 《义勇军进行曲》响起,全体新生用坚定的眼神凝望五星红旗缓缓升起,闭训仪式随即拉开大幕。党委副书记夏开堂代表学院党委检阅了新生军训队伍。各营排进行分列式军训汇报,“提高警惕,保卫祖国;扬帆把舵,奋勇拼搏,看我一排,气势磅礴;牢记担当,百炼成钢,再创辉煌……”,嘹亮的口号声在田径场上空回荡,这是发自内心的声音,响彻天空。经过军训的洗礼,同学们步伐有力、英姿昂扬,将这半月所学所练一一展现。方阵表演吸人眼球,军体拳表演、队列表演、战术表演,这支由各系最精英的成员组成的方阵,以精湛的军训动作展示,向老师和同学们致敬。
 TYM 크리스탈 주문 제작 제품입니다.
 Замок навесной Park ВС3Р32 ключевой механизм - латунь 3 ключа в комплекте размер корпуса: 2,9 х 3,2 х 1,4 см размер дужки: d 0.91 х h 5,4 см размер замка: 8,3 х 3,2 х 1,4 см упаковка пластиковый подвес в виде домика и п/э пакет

→ **WHAT TO DO**: Once you have read the material, set it down again word for word.

→ **EXERCISE SOLUTION**:
 《义勇军进行曲》响起,全体新生用坚定的眼神凝望五星红旗缓缓升起,闭训仪式随即拉开大幕。党委副书记夏开堂代表学院党委检阅了新生军训队伍。各营排进行分列式军训汇报,“提高警惕,保卫祖国;扬帆把舵,奋勇拼搏,看我一排,气势磅礴;牢记担当,百炼成钢,再创辉煌……”,嘹亮的口号声在田径场上空回荡,这是发自内心的声音,响彻天空。经过军训的洗礼,同学们步伐有力、英姿昂扬,将这半月所学所练一一展现。方阵表演吸人眼球,军体拳表演、队列表演、战术表演,这支由各系最精英的成员组成的方阵,以精湛的军训动作展示,向老师和同学们致敬。
 TYM 크리스탈 주문 제작 제품입니다.
 Замок навесной Park ВС3Р32 ключевой механизм - латунь 3 ключа в комплекте размер корпуса: 2,9 х 3,2 х 1,4 см размер дужки: d 0.91 х h 5,4 см размер замка: 8,3 х 3,2 х 1,4 см упаковка пластиковый подвес в виде домика и п/э пакет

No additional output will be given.